Hay que modificar algunas cosas en el inversor de onda cuadrada para que dé el voltaje necesario, pero en el enlace está todo explicado, básicamente se trata de anular la salida del inversor de onda cuadrada y quedarse con la continua de 380V que es la entrada al módulo que genera la senoidal pura.


----------



## AcoranTf (Feb 17, 2017)

palurdo dijo:


> Este kit te permite convertir un inversor de onda cuadrada de 2000W a senoidal pura:
> 
> http://s.aliexpress.com/2iYFvqUj
> 
> Hay que modificar algunas cosas en el inversor de onda cuadrada para que dé el voltaje necesario, pero en el enlace está todo explicado, básicamente se trata de anular la salida del inversor de onda cuadrada y quedarse con la continua de 380V que es la entrada al módulo que genera la senoidal pura.

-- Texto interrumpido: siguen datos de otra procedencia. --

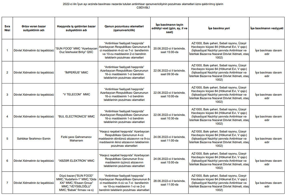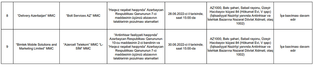 Sorğuda tələb olunan sənəd və məlumatları təqdim etməyən “V-TELECOM” MMC, “İMPERİUS” MMC və “BUL ELECTRONİCS” MMC barəsində antiinhisar qanunvericiliyinin tələblərinin pozulması əlamətləri üzrə iş qaldırıb.

Aun hay otra opcion mejor y mas economica. Utilizar simplemente un modulo EGS002, (que es la plaquita pequeña que se ve en ese kit), que sustituya al oscilador de onda cuadrada.
La unica duda es si el voltaje de salida bajara mucho debido al cambio de forma de onda, habria que probarlo. Pero merece la pena, ese modulito solo cuesta unas 6$. Busca mas info en Google.
Yo he probado ese modulo y va muy bien, la señal de salida es perfecta y limpia.

Saludos.


----------



## palurdo (Feb 18, 2017)

AcoranTf dijo:


> Aun hay otra opcion mejor y mas economica. Utilizar simplemente un modulo EGS002, (que es la plaquita pequeña que se ve en ese kit), que sustituya al oscilador de onda cuadrada.
> La unica duda es si el voltaje de salida bajara mucho debido al cambio de forma de onda, habria que probarlo. Pero merece la pena, ese modulito solo cuesta unas 6$. Busca mas info en Google.
> Yo he probado ese modulo y va muy bien, la señal de salida es perfecta y limpia.
> 
> Saludos.



Dependerá mucho de si la etapa de salida del inversor viene equipada con MOSFETs (que son rápidos) o con IGBT (que son más lentos y necesitan un tiempo muerto sensiblemente mayor), aunque el EGS002 permite configurarlo. Particularmente me hubiera gustado que al menos hubieran puesto en el módulo una cabecera de pines en el bus serie, de ahí a ponerle un módulo IoT sería buenísimo (desde tu teléfono tendrías el control pleno del inversor). Es interesante comprar el pack con el LCD, creo que es un dólar más, y tienes visualmente mayor información que solo con el módulo.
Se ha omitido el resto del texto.